— Ebbene? Non ci moviamo? Non avete più forza? — mi disse ella rivolgendosi, con un accento indefinibile d'irrisione, e penetrandomi in fondo agli occhi. — Non vedete che gli altri battelli sono già discosti?

Considerò la flottiglia per un poco, corrugando leggermente la fronte.

— Anatolia ci richiama — soggiunse. — Affrettatevi!

Il Saurgo sembrava allargarsi nel tramonto, dileguarsi in una infinita lontananza, riacquistare la forza della sua correntìa, promettere di condurci in paesi più belli. E in quella creatura sovrana, tutta inclinata verso quel grande e dolce fiume roseo dall'ardor della sete come da un violento desiderio di fluidità conforme alla sua essenza voluttuosa, era tal mistero di bellezza e di poesia che la mia anima si protese verso di lei col più fervente atto di adorazione.

— Guardate! — mi disse allora la rivelatrice, mostrandomi lo spettacolo ch'ella avrebbe potuto crear con un gesto. — Guardate!

Intorno a noi, su l'acqua scorsa da un leggero brivido, le corolle vive si chiudevano con un moto quasi labiale, esitavano per qualche istante, si ritraevano, si sommergevano, scomparivano sotto le foglie, l'una dopo l'altra o insieme a gruppi, come se dal profondo una virtù sonnifera le attirasse. Larghe plaghe rimanevano deserte, ma talvolta quivi nel mezzo una sola ninfea s'attardava effondendo la sua estrema grazia in quell'indugio. Una vaga malinconia fluttuava su l'acqua nel punto ove scompariva ciascuna delle ritardanti. E sembrava, allora, che pel grande e dolce fiume roseo incominciassero a vaporare i sogni notturni della moltitudine sommersa.


Ma su la vetta del Corace fu l'apparizione impreveduta per cui si determinarono le nostre sorti ultimamente.

Avevamo fatta una sosta a Scultro per visitarvi l'antichissima badia dove si conservano i resti del mausoleo suntuoso, opera di Maestro Gualtiero d'Alemagna, elevato da una Cantelma a memoria di sé medesima e de' suoi tre figli: da quella magnifica Domina Rita che, sposata a Giovanni Antonio Caldora, fu madre del gran condottiere Jacopo.

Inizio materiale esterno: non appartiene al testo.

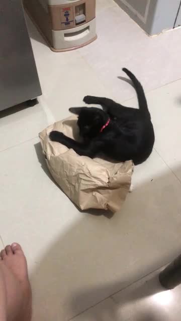 Footage shows the black feline named Diego trying to find an opening on the bag before his friend Oreo poked his head out in Olongapo City, the Philippines on January 10. 2024-05-17 18:32:57

E io e Anatolia eravamo rimasti ultimi nella cappella umidiccia a contemplare la figura supina del giovine eroe tutto chiuso in arme grave sino alla gola ma scoperto il capo chiomato che riposa così regalmente sul guanciale marmoreo.

Poi, dopo un lungo tratto, avendo lasciato le mule in un pianoro, eravamo giunti su per un calle aspro e angusto al ciglio settentrionale del cratere primitivo cangiato nel lago a cui Secli dà il nome. Ai nostri piedi avevamo, da una banda, la valle fulva del Saurgo; dall'altra, i forti sproni che la maggiore giogaia protende nelle sottoposte pianure limitate dal mare in lontananza. Su le nostre teste, dall'immenso cristallo ceruleo pendevano alcune nuvole quasi immobili, coerenti e abbaglianti come acervi di neve.